**TASK TO CARRY OUT**
Once the pictures are set aside, copy the records below exactly as they stand.

Source records
◇ ◇ ◇
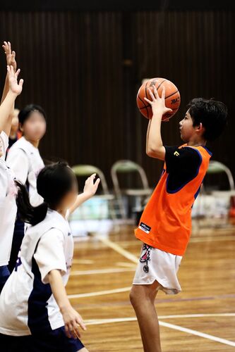 ミニバスケットボール写真 -Basketball Photo- 2020 練習試合 ジャンプショット コロナで全くバスケができない状態が長く続いたせいなのか、その間に身長が少し伸びたせいなのかは分かりませんが、練習再開以降シュートが入らず本人悩み中(苦笑)
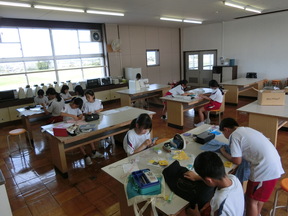 | 夏休み前の全校朝礼を行いました。 熱中症対策のため、体育館ではなくエアコンが効く交流ルームでの 全校朝礼としました(全校児童が入れてしまいます)。 書写の表彰と、夏休みに |
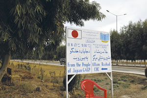 | 治安の悪いカンダハールに日本からの支援を公然と掲げる立て札が立っているのは驚きだ。地元の人々から、いかに支持された活動をしているかの証である |
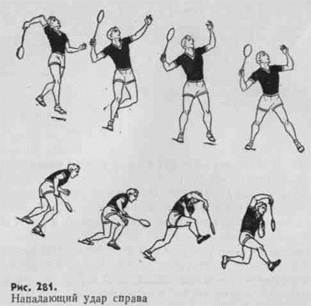 Удары справа-сверху являются основным средством ведения игры. Выполняют их выше уровня плечевого пояса. Для этого необходимо успеть на последнем шаге повернуться левым плечом к сетке на носке левой ноги и перенести вес тела на слегка согнутую ногу. Локоть руки с ракеткой должен находиться чуть ниже уровня плечевого пояса. В таком положении плечо и предплечье образуют прямой угол. Ракетка слегка опущена вперед. Левая рука вытянута вверх. Удар начинается с толчка правой ногой вперед-вверх и одновременного поворота туловища в направлении удара. В этот момент ракетка «входит в петлю», а левая нога движется назад, способствуя лучшему растяжению мышц всего тела. В дальнейшем быстрым выпрямлением, поворотом предплечья и хлестким движением кисти ракеткой наносят удар по волану. Характер удара определяется величиной финального усилия и направлением движения ракетки. Выполняя высокий удар, игрок сопровождает волан ракеткой вперед-вверх. При нападающем ударе ракетка резко движется вниз (рис. 281).
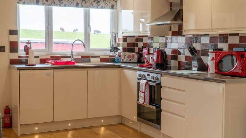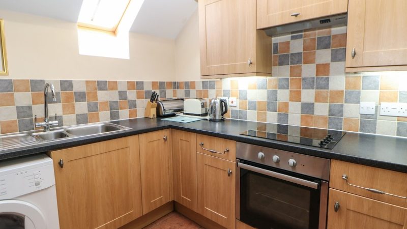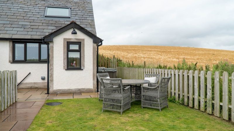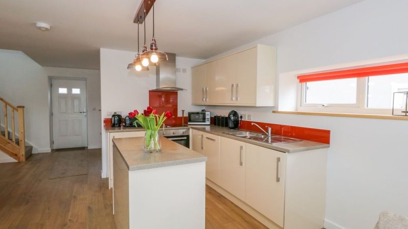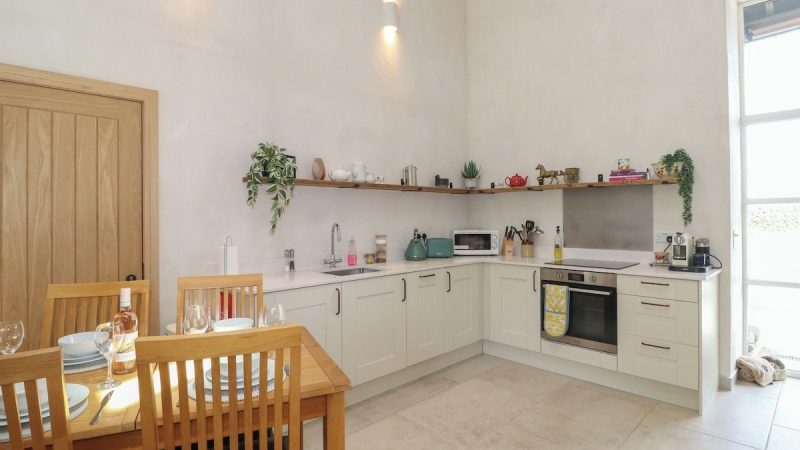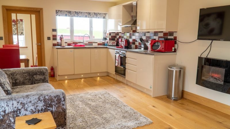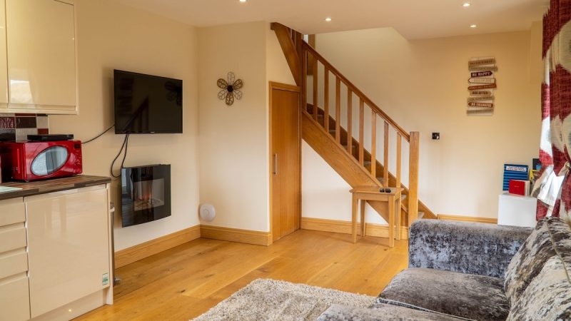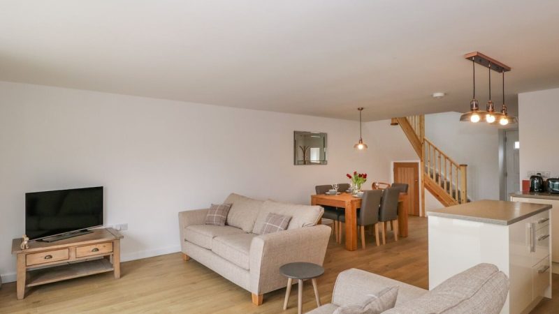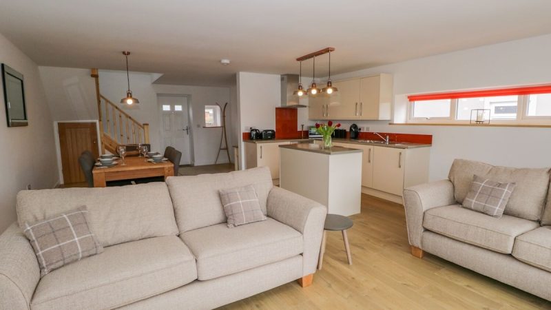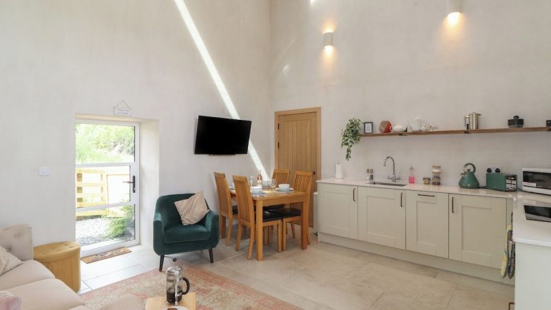 A cozy barn accommodation with sea views, a private hot tub, a fully equipped kitchen, and a comfortable lounge area.
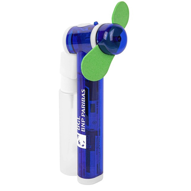 *NEW* Seek and easy to carry design, and has an refillable internal reservoir that holds two ounces of water providing approximately 300 sprays. The EVA blades are soft to the touch but provide a great breeze. Includes two AA batteries for operation. Size: 2.25" x 6" Average shipping .30 per piece. Maximum imprint area 2" x .5" Set Up: $48
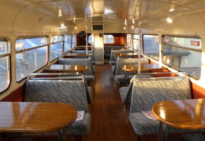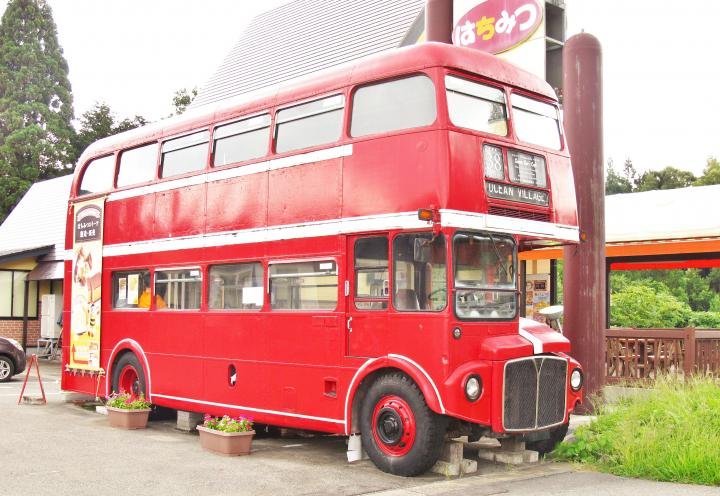 この赤くてかわいい2階建てのロンドンバスの中は、冷暖房完備でカフェスペースになっており、誰でも無料でご利用できます。レトロな雰囲気の中で食べるはちみつソフトは、ほんのりはちみつの味がして本当においしいです!!
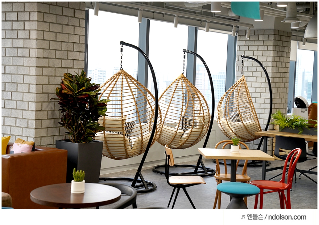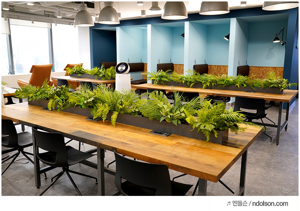 라운지에는 노트북을 가지고 자유롭게 회사 업무를 할 수 있는 공간인데요. 업무 스트레스를 받은 것도 여기서는 다 풀 수 있을 것 같습니다. LG 퓨리케어 360도 공기청정기가 곳곳에 있어서 상쾌한 공기 상태를 만들어 주고, 화분 등이 놓여 있어 기분까지 상쾌한 환경을 보여줍니다.
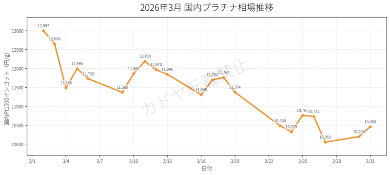 結果として、2026年3月の国内プラチナ相場は次のような推移となりました。
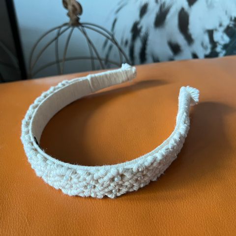 Uusi hiuspanta koristettu sinisellä makrameella. Käsityö.
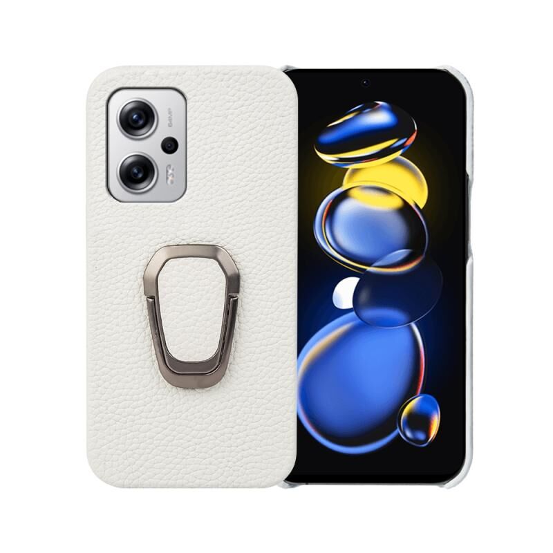 Θήκη τηλεφώνου από γνήσιο δέρμα με υφή λύτσι για Xiaomi Redmi Note 11T Pro με δακτύλιο στήριξης (Λευκό)
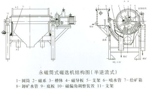 其原理是當礦漿進入磁區時,其中強磁性礦物被吸附在圓筒表面,弱磁性和非磁性礦物被甩掉排出,而吸附在圓筒表面上的強磁性礦物隨圓筒旋轉,被帶出磁場區,用沖洗水沖入精礦槽中,完成分選作業。
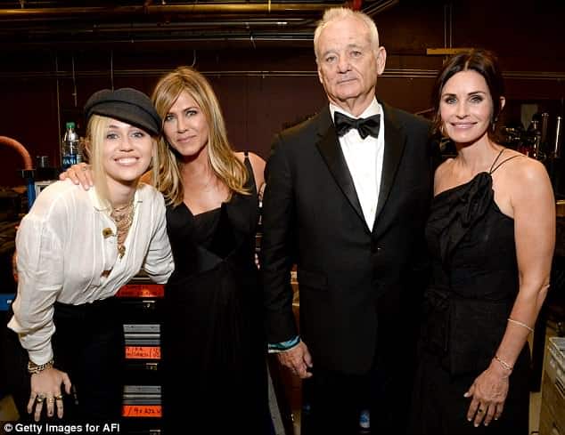 The artist, at the age of 25, skillfully arranged her disheveled white shirt, intentionally leaving a few buttons undone to proudly exhibit her exquisite assortment of necklaces. An impressive sight, she caught the attention of none other than Bill Murray, her co-star in a trio of films, namely The Monuments Men, Fantastic Mr. Fox, and A Very Murray Christmas. Engaging in delightful conversation, Miley and Bill indulged in refreshing iced drinks adorned with slices of tangy lemon, while a table beside them showcased a bottle of Belvedere vodka. Captivating the moment, the pair was also seen engaging with two illustrious television personalities, Jennifer Aniston and Courteney Cox, both renowned for their unforgettable roles in the beloved 90s sitcom, Friends.
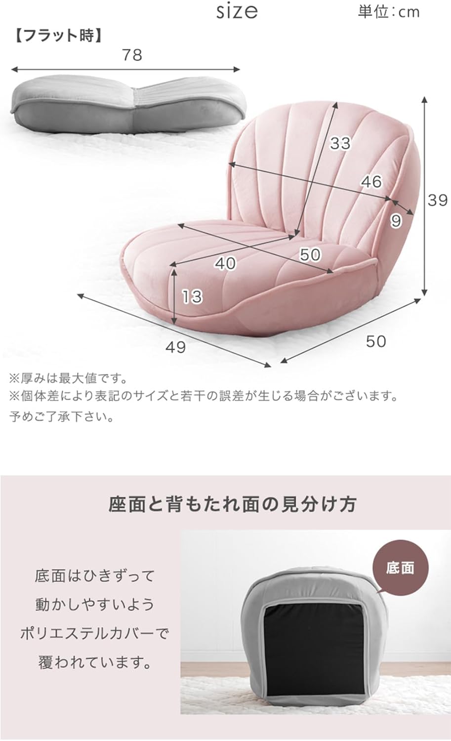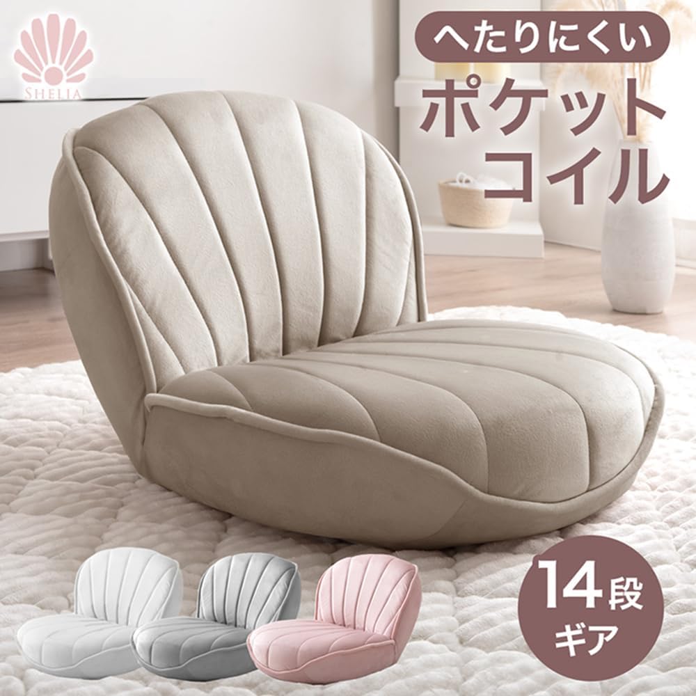 シェル型 14段階 リクライニング ポケットコイル リクライニング座椅子 フロアチェア コンパクト 持ち運び 極厚 15210185(92119)
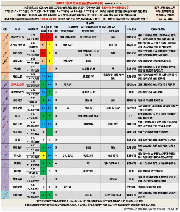2.新增4星武器辰砂之纺锤的评级推荐内容;
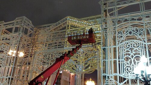 Монтаж световых конструкций на Никольской улице в центре Москвы
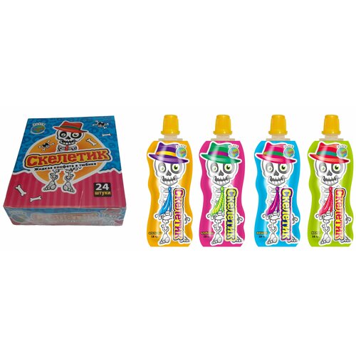 Конфета жидкая скелетик, 24шт по 18г, в тюбике, со вкусом колы, апельсина, вишни, клубники, скиф
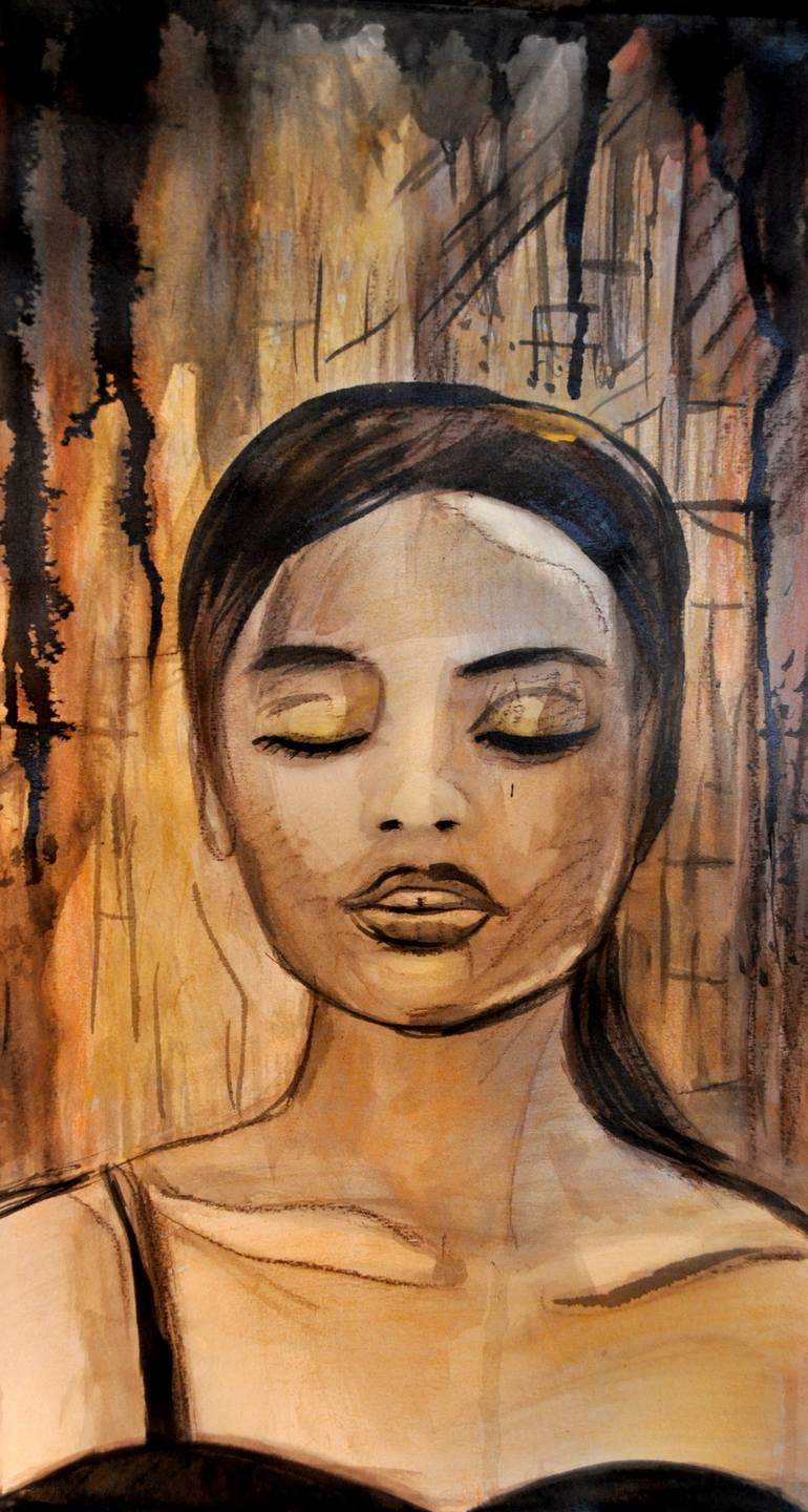 Watercolor painting inspired by the beauty of African women and street life in Lisbon, Portugal. Materials: watercolour paints, sepia and ink on heavy weight fine art paper. Signed on the back, signing on the front upon the request.
◇ ◇ ◇
**FINISHED EXERCISE**
 ミニバスケットボール写真 -Basketball Photo- 2020 練習試合 ジャンプショット コロナで全くバスケができない状態が長く続いたせいなのか、その間に身長が少し伸びたせいなのかは分かりませんが、練習再開以降シュートが入らず本人悩み中(苦笑)
 | 夏休み前の全校朝礼を行いました。 熱中症対策のため、体育館ではなくエアコンが効く交流ルームでの 全校朝礼としました(全校児童が入れてしまいます)。 書写の表彰と、夏休みに |
 | 治安の悪いカンダハールに日本からの支援を公然と掲げる立て札が立っているのは驚きだ。地元の人々から、いかに支持された活動をしているかの証である |
 Удары справа-сверху являются основным средством ведения игры. Выполняют их выше уровня плечевого пояса. Для этого необходимо успеть на последнем шаге повернуться левым плечом к сетке на носке левой ноги и перенести вес тела на слегка согнутую ногу. Локоть руки с ракеткой должен находиться чуть ниже уровня плечевого пояса. В таком положении плечо и предплечье образуют прямой угол. Ракетка слегка опущена вперед. Левая рука вытянута вверх. Удар начинается с толчка правой ногой вперед-вверх и одновременного поворота туловища в направлении удара. В этот момент ракетка «входит в петлю», а левая нога движется назад, способствуя лучшему растяжению мышц всего тела. В дальнейшем быстрым выпрямлением, поворотом предплечья и хлестким движением кисти ракеткой наносят удар по волану. Характер удара определяется величиной финального усилия и направлением движения ракетки. Выполняя высокий удар, игрок сопровождает волан ракеткой вперед-вверх. При нападающем ударе ракетка резко движется вниз (рис. 281).
 A cozy barn accommodation with sea views, a private hot tub, a fully equipped kitchen, and a comfortable lounge area.
 *NEW* Seek and easy to carry design, and has an refillable internal reservoir that holds two ounces of water providing approximately 300 sprays. The EVA blades are soft to the touch but provide a great breeze. Includes two AA batteries for operation. Size: 2.25" x 6" Average shipping .30 per piece. Maximum imprint area 2" x .5" Set Up: $48
 この赤くてかわいい2階建てのロンドンバスの中は、冷暖房完備でカフェスペースになっており、誰でも無料でご利用できます。レトロな雰囲気の中で食べるはちみつソフトは、ほんのりはちみつの味がして本当においしいです!!
 라운지에는 노트북을 가지고 자유롭게 회사 업무를 할 수 있는 공간인데요. 업무 스트레스를 받은 것도 여기서는 다 풀 수 있을 것 같습니다. LG 퓨리케어 360도 공기청정기가 곳곳에 있어서 상쾌한 공기 상태를 만들어 주고, 화분 등이 놓여 있어 기분까지 상쾌한 환경을 보여줍니다.
 結果として、2026年3月の国内プラチナ相場は次のような推移となりました。
 Uusi hiuspanta koristettu sinisellä makrameella. Käsityö.
 Θήκη τηλεφώνου από γνήσιο δέρμα με υφή λύτσι για Xiaomi Redmi Note 11T Pro με δακτύλιο στήριξης (Λευκό)
 其原理是當礦漿進入磁區時,其中強磁性礦物被吸附在圓筒表面,弱磁性和非磁性礦物被甩掉排出,而吸附在圓筒表面上的強磁性礦物隨圓筒旋轉,被帶出磁場區,用沖洗水沖入精礦槽中,完成分選作業。
 The artist, at the age of 25, skillfully arranged her disheveled white shirt, intentionally leaving a few buttons undone to proudly exhibit her exquisite assortment of necklaces. An impressive sight, she caught the attention of none other than Bill Murray, her co-star in a trio of films, namely The Monuments Men, Fantastic Mr. Fox, and A Very Murray Christmas. Engaging in delightful conversation, Miley and Bill indulged in refreshing iced drinks adorned with slices of tangy lemon, while a table beside them showcased a bottle of Belvedere vodka. Captivating the moment, the pair was also seen engaging with two illustrious television personalities, Jennifer Aniston and Courteney Cox, both renowned for their unforgettable roles in the beloved 90s sitcom, Friends.
 シェル型 14段階 リクライニング ポケットコイル リクライニング座椅子 フロアチェア コンパクト 持ち運び 極厚 15210185(92119)
2.新增4星武器辰砂之纺锤的评级推荐内容;
 Монтаж световых конструкций на Никольской улице в центре Москвы
 Конфета жидкая скелетик, 24шт по 18г, в тюбике, со вкусом колы, апельсина, вишни, клубники, скиф
 Watercolor painting inspired by the beauty of African women and street life in Lisbon, Portugal. Materials: watercolour paints, sepia and ink on heavy weight fine art paper. Signed on the back, signing on the front upon the request.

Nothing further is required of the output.